● **Available data**:
-------

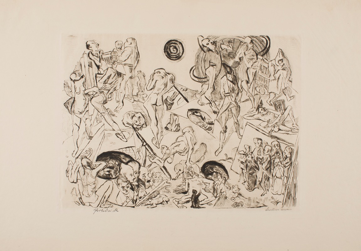 Max Beckmann was a prominent German painter, draftsman, printmaker, and writer, known for his unique style that combined elements of Expressionism, New Objectivity, and a personal form of modernism. One of his notable works is "Resurrection," plate 12 from the portfolio titled "Faces." This portfolio is a significant part of Beckmann's oeuvre, showcasing his skill in printmaking and his ability to convey complex themes through this medium.
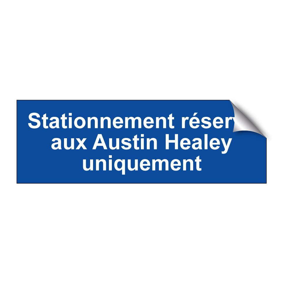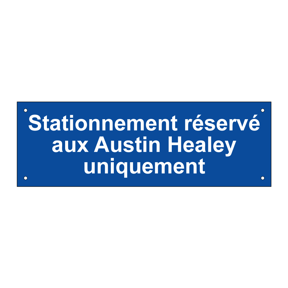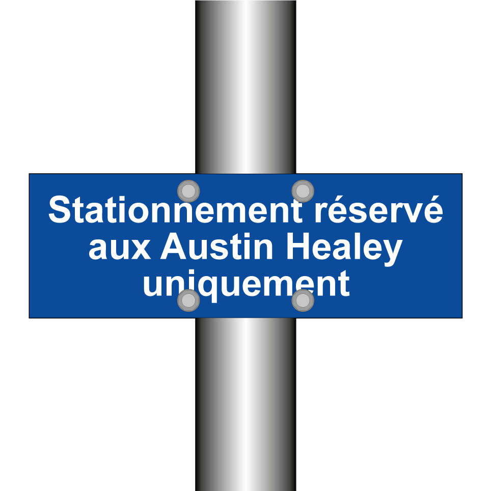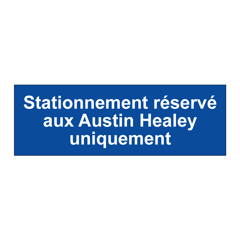 Panneau de stationnement avec le texte : "Stationnement réservé aux Austin Healey uniquement".
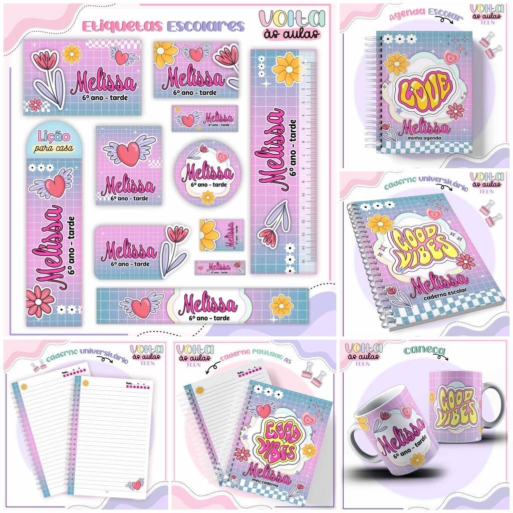 Kit Volta às Aulas Teen Menina Etiquetas Escolares e Encadernação 2024 e 2025

-------

● **Task**:
Since the pictures are not wanted, transcribe only the rest of the material above, exactly as it stands.

● **Your response**:
 Max Beckmann was a prominent German painter, draftsman, printmaker, and writer, known for his unique style that combined elements of Expressionism, New Objectivity, and a personal form of modernism. One of his notable works is "Resurrection," plate 12 from the portfolio titled "Faces." This portfolio is a significant part of Beckmann's oeuvre, showcasing his skill in printmaking and his ability to convey complex themes through this medium.
 Panneau de stationnement avec le texte : "Stationnement réservé aux Austin Healey uniquement".
 Kit Volta às Aulas Teen Menina Etiquetas Escolares e Encadernação 2024 e 2025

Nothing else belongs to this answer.